> Problem statement
Could all of the entries be written out exactly, with any pictures omitted?

Items listed in a dataset:
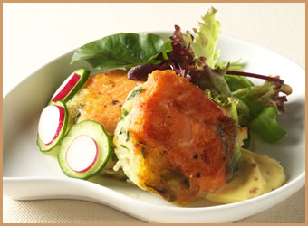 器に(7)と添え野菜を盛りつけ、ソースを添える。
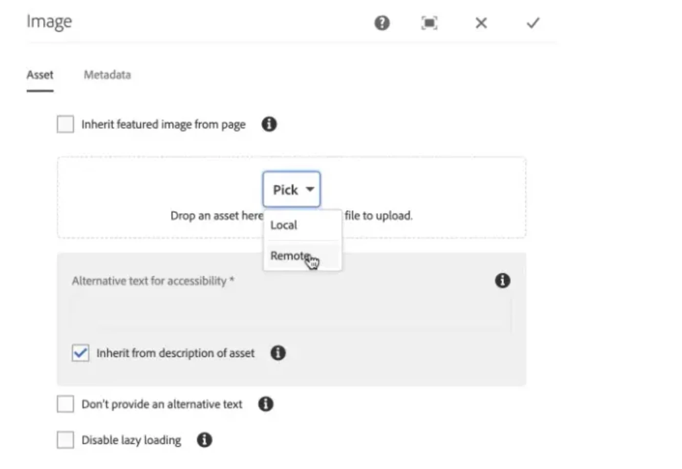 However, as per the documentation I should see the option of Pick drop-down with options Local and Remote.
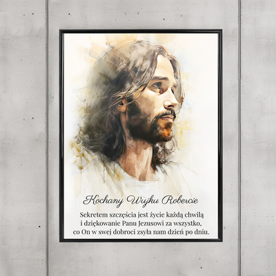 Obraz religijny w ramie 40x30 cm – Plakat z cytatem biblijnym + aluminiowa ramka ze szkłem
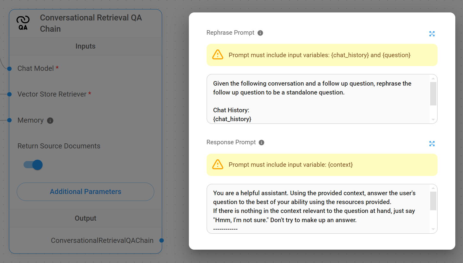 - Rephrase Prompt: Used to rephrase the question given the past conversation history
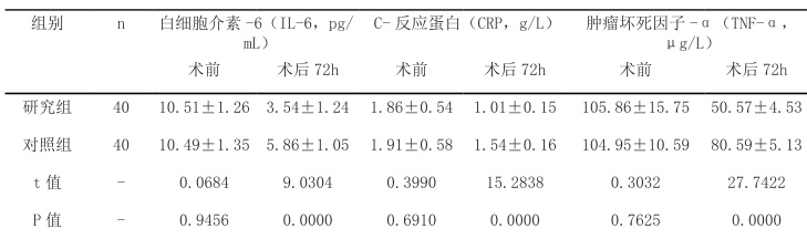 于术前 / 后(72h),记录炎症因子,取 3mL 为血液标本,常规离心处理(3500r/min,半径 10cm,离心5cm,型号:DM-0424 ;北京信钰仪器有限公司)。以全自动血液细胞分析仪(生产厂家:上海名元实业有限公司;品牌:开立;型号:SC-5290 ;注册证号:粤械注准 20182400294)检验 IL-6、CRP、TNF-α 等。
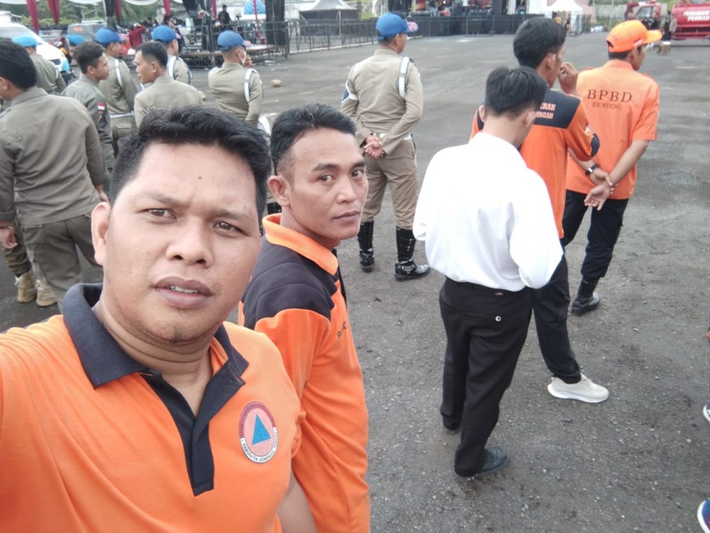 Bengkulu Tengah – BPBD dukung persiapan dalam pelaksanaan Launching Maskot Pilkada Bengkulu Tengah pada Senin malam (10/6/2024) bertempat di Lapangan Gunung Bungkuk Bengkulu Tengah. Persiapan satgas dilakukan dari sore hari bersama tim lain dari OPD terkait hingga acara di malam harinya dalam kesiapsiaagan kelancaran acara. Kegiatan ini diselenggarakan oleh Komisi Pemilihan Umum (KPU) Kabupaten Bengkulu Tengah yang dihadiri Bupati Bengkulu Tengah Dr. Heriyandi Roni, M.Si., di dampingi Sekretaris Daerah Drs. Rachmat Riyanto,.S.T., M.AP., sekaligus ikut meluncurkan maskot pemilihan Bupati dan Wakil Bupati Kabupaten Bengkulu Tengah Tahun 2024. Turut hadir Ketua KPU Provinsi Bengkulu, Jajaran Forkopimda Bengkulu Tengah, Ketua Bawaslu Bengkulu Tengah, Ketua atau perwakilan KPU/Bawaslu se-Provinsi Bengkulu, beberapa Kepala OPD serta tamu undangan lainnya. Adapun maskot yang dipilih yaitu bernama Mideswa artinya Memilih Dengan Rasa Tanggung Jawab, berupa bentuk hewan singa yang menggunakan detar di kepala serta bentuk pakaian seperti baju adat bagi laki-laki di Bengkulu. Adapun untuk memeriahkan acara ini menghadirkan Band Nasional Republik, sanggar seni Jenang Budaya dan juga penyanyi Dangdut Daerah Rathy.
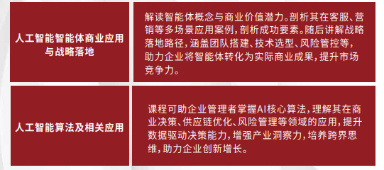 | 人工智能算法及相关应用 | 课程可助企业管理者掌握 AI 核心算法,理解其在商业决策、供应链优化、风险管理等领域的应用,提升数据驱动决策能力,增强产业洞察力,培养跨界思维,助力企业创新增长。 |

> Solution to this task
 器に(7)と添え野菜を盛りつけ、ソースを添える。
 However, as per the documentation I should see the option of Pick drop-down with options Local and Remote.
 Obraz religijny w ramie 40x30 cm – Plakat z cytatem biblijnym + aluminiowa ramka ze szkłem
 - Rephrase Prompt: Used to rephrase the question given the past conversation history
 于术前 / 后(72h),记录炎症因子,取 3mL 为血液标本,常规离心处理(3500r/min,半径 10cm,离心5cm,型号:DM-0424 ;北京信钰仪器有限公司)。以全自动血液细胞分析仪(生产厂家:上海名元实业有限公司;品牌:开立;型号:SC-5290 ;注册证号:粤械注准 20182400294)检验 IL-6、CRP、TNF-α 等。
 Bengkulu Tengah – BPBD dukung persiapan dalam pelaksanaan Launching Maskot Pilkada Bengkulu Tengah pada Senin malam (10/6/2024) bertempat di Lapangan Gunung Bungkuk Bengkulu Tengah. Persiapan satgas dilakukan dari sore hari bersama tim lain dari OPD terkait hingga acara di malam harinya dalam kesiapsiaagan kelancaran acara. Kegiatan ini diselenggarakan oleh Komisi Pemilihan Umum (KPU) Kabupaten Bengkulu Tengah yang dihadiri Bupati Bengkulu Tengah Dr. Heriyandi Roni, M.Si., di dampingi Sekretaris Daerah Drs. Rachmat Riyanto,.S.T., M.AP., sekaligus ikut meluncurkan maskot pemilihan Bupati dan Wakil Bupati Kabupaten Bengkulu Tengah Tahun 2024. Turut hadir Ketua KPU Provinsi Bengkulu, Jajaran Forkopimda Bengkulu Tengah, Ketua Bawaslu Bengkulu Tengah, Ketua atau perwakilan KPU/Bawaslu se-Provinsi Bengkulu, beberapa Kepala OPD serta tamu undangan lainnya. Adapun maskot yang dipilih yaitu bernama Mideswa artinya Memilih Dengan Rasa Tanggung Jawab, berupa bentuk hewan singa yang menggunakan detar di kepala serta bentuk pakaian seperti baju adat bagi laki-laki di Bengkulu. Adapun untuk memeriahkan acara ini menghadirkan Band Nasional Republik, sanggar seni Jenang Budaya dan juga penyanyi Dangdut Daerah Rathy.
 | 人工智能算法及相关应用 | 课程可助企业管理者掌握 AI 核心算法,理解其在商业决策、供应链优化、风险管理等领域的应用,提升数据驱动决策能力,增强产业洞察力,培养跨界思维,助力企业创新增长。 |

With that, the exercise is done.